Bir kurumu yöneten amiri de düşünseniz bir takım konularda otoriter olmaması mümkün değildir. Kendi doğrularında otoriter olmayan bir yönetici yapamaz. Bu böyledir.

Van belediyesinin dışındaki bütün kurumlar Van Valiliğinin emerinde çalışan kurumlardı. Biz buna şahit olduk ve o deprem anında da biz kendimiz Sivil Toplum Örgütleri aynı teklifi Başbakan yardımcısında aynı şekilde Beşir Atalay’da Van Valisine de ve aynı zamanda bu teklifi Van Belediyesi’ne de götürdük. Bu güç birliği içerisinde AFAD’ın tek yerden yönetilmesi adı altında biz Teklifimizi götürdük. Her iki tarafa da ama çeşitli nedenlerden dolayı, Van belediyesi biz oraya gelmeyiz diye bize telkinde bulundular. 
Yani Van belediyesi ayrı bir kriz merkezi oluşturdu. Van Valiliği Ayrı bir kriz merkezi oluşturdu. Ha keza gelen yardımların hangi kriz merkezine yönlendirilmesi bir başka sorundu işte diyorum ya keşke bir kitapçık yapılsa da görsek başlı başına bir sorundu ayrı ayrı iki kriz merkezlerinin oluşturulması. İnsanların bu felaket anında güç birliği yapması gerekirken maalesef, burada farklı davranıldı. Biz bunu inkar edemeyiz. Ama biz Sivil toplum örgütleri olarak yine misyonumuzu yerine getirdik. Her iki tarafa da çağrıda bulunduk. Biz bu teklifimizi götürdük AFAD’a gelmeleri için Van belediyesine çağrıda bulundu. Ve o günde kabul edildi. Abdurahman Doğar AFAD kriz merkezine görevli olarak atandı. Bütün toplantılardada bilakis kendisi bulundu. Fakat kriz merkezinin yönetim noktalarını yine ayrı tuttular.
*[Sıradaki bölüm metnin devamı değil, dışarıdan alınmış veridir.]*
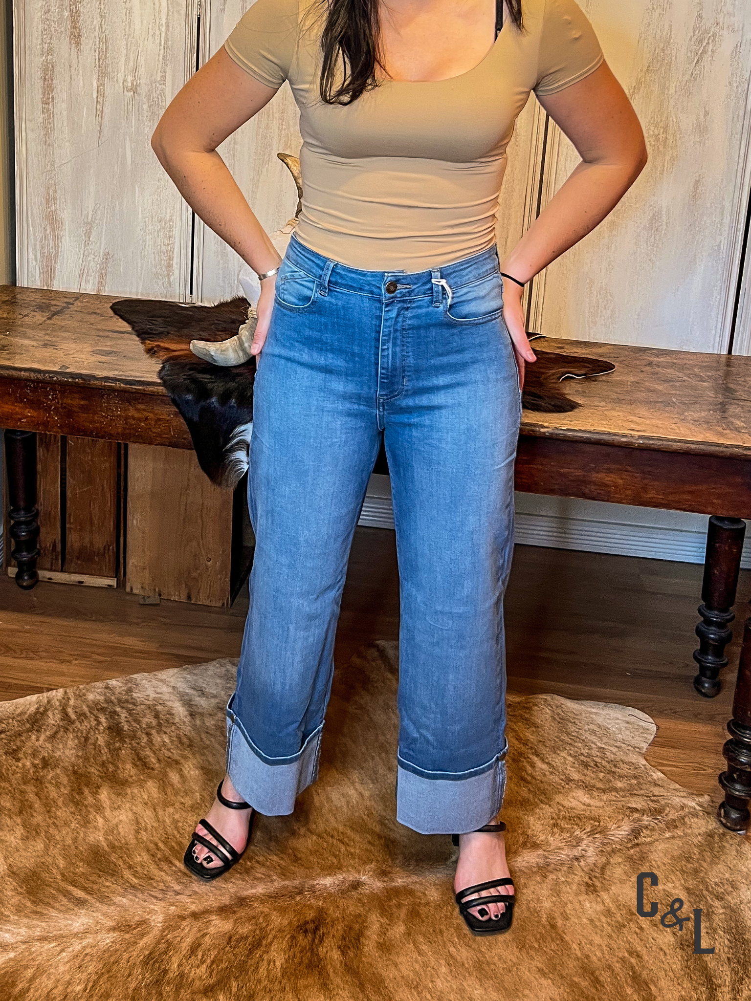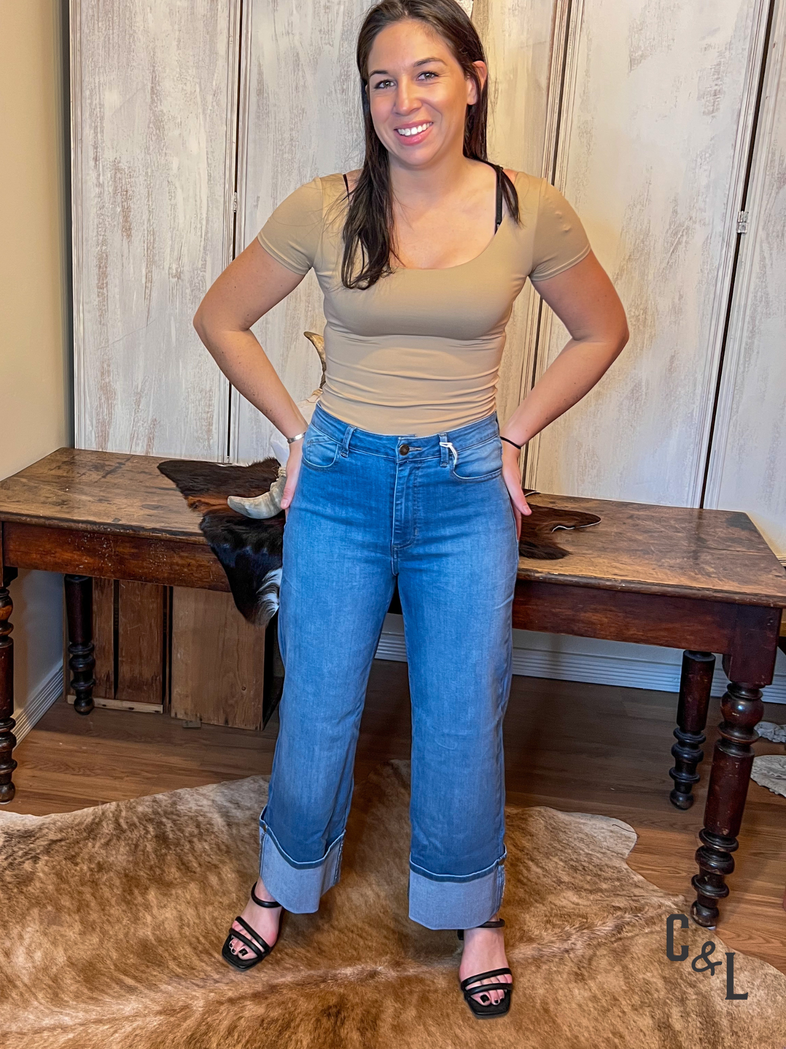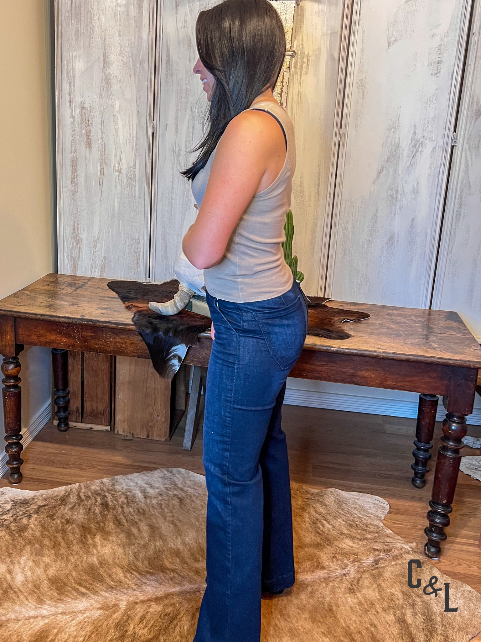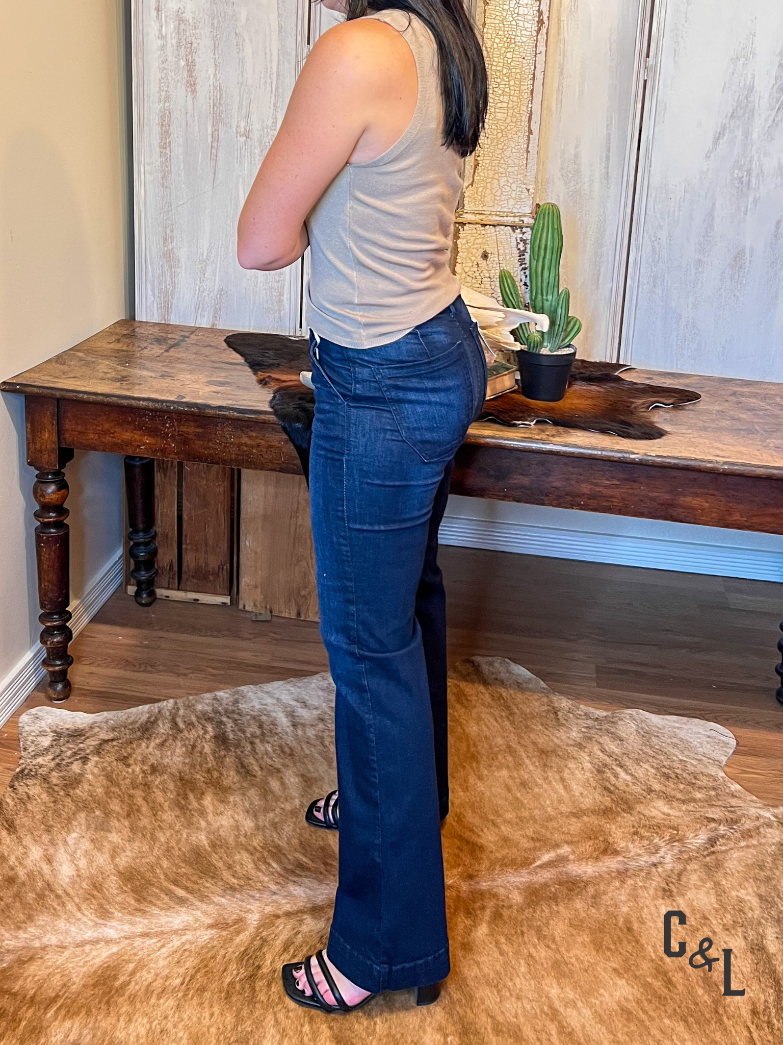 - Tell me more about the style and features of the Florez jeans. Our Florez collection includes two distinct styles. The Florez Sophia Studs Straight Leg Denim is a classic mid-rise, straight-leg jean with a comfortable, flattering fit and unique stud embellishments. The Florez Ana Flared Denim is a high-waisted, wide-leg jean that creates a sleek, polished silhouette. Both styles are made from comfortable, stretchy denim.

Birazda elektrik faturaları ve fahiş fiyata satılan TOKİ konutlarına gelelim. Şöyle soralım ilk 6 ayda elektrikler ücretsizdir denildi. Daha sonra yüklü faturalar gelmeye başladı. İkincisi Bu kente Türkiye’nin dört bir yanından yardımlar yağdı. Ki hükümettin bütçesinden arta kalan paraların Van’a aktarılması. Bu paralarla neler yapıldı ve konutlar neden yüksek fiyata satıldı?



Şimdi sizin her sorununuzun altında ilk sorunuzun cevabını verme gereksinimi duyuyorum. Nasıl biliyor musunuz? Keşke böyle olmasaydı da böyle olsaydı. Ve bu bir hataydı. Kelimeleri geliyor bu sadece bizim için geçerli değil devlet için de geçerli.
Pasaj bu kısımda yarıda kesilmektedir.